Often, though, a dog will already have exhibited signs of the disease, like night vision loss, by the time a fundoscopic exam would clearly identify PRA.

However, a more accurate assessment can be made via an electroretinogram (ERG), which is an electrical evaluation of the response of the retina to varying flashes of light and color. This procedure does require sedation, as it involves placing a type of contact lens over the eye. This procedure is sensitive and accurate enough to detect changes in the retina, often before the vision has deteriorated to the point that the dog shows signs of Progressive Retinal Atrophy.

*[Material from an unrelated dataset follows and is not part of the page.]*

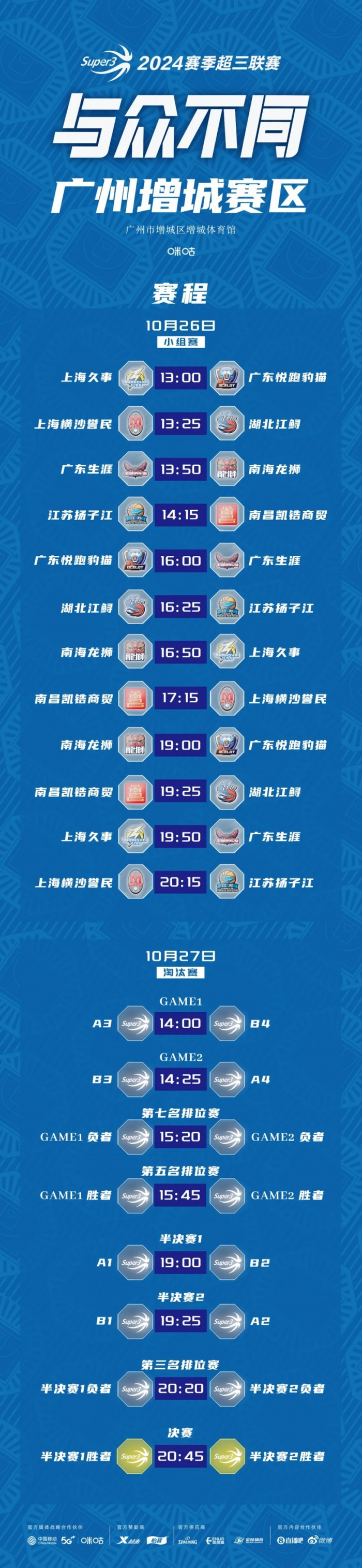 10月26日-10月27日,本赛季常规赛收官站即将打响!“冠军收割机”上海横沙誉民和传统强队上海久事将再度向冠军发起冲击。排名接近的南昌凯锆商贸和江苏扬子江也将为了争夺季后赛名额而全力以赴。坐镇主场的广东悦跑豹猫能否延续上周的精彩表现,再创佳绩?
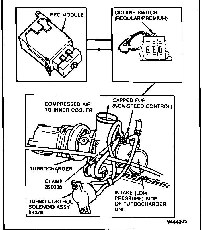 The turbocharger boost control system is designed to provide electronic variable boost control on the 2.3L electronic fuel injected turbocharged engine. The boost control system provides regulation of the wastegate actuator signal allowing turbo boost pressures up to 89.6-110.3 kPa (13.0-16.0 psi) on manual transmission vehicles and 55.1-75.8 kPa (8.0-11.0 psi) on automatic transmission vehicles. The system includes a control module, solenoid/hose assembly, calibrated "T" fitting and all controlled by the EEC module (Fig. 1). The boost control system is activated in the PREMIUM fuel selection position only, on manual transmissions. On automatic transmissions, it is activated in both the REGULAR and PREMIUM positions. See Note (A).

Treatment of Progressive Retinal Atrophy
There is no treatment for PRA, and no known way to slow the progression. Generally, it eventually progresses to blindness. There have been some studies on the use of Vitamin A therapy on the human parallel disease, retinitis pigmentosa, but no studies have been done to date on vitamin therapy in dogs.

Breeds Affected by PRA
Following are the breeds affected, type of PRA common within the breed, age of onset, genetic mode of inheritance, and presence of a genetic marker test for the breed.

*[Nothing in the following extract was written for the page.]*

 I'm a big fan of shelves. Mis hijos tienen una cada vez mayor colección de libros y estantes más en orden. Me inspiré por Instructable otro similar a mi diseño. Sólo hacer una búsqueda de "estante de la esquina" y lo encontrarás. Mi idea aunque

Breed	Type of PRA	Age of Onset	Inheritance	Genetic Test?
Akita	rod-cone degeneration	1-3 yrs	autosomal recessive	No
American Eskimo Dog	rod-cone degeneration	1-3 yrs	autosomal recessive	Yes
Bullmastiff	Rhodopsin deficiency	variable	autosomal dominant	Yes
Cairn Terrier	rod-cone dysplasia	< 1 yr	autosomal recessive	No
Cocker Spaniel	rod-cone degeneration	3-6 yrs	autosomal recessive	Yes
Collie	rod-cone dysplasia	< 1 yr	autosomal recessive	No
Irish Setter	rod-cone dysplasia	< 1 yr	autosomal recessive	Yes
Labrador Retriever	rod-cone degeneration	4-6 yrs	autosomal recessive	Yes
Min. LH Dachshund	generalized PRA	6 mos	autosomal recessive	No
Miniature Poodle	rod-code degeneration	3-6 yrs	autosomal recessive	Yes
Miniature Schnauzer	rod-code degeneration	3-6 yrs	autosomal recessive	Yes
Norwegian Elkhound	early retinal degeneration	6 wks – 1 yr	autosomal recessive	Yes
Papillon	generalized PRA	variable	autosomal recessive	No
Samoyed	X-Linked PRA	3-5 yrs	X-Linked	Yes
Siberian Husky	X-Linked PRA	2-4 yrs	X-linked	Yes
Tibetan Spaniel	generalized PRA	3-5 yrs	autosomal recessive	No
Tibetan Terrier	generalized PRA	6-12 mos	autosomal recessive	No

Breeding Decisions
Dogs affected with PRA should obviously not be allowed to breed, and should be neutered or spayed. Since Progressive Retinal Atrophy is inherited genetically, parents and siblings of PRA-affected dogs should also not be bred, in the absence of complete genetic evaluation. Fortunately, with precise genetic tests now available for many breeds, affected and carrier dogs can be pinpointed prior to breeding decisions.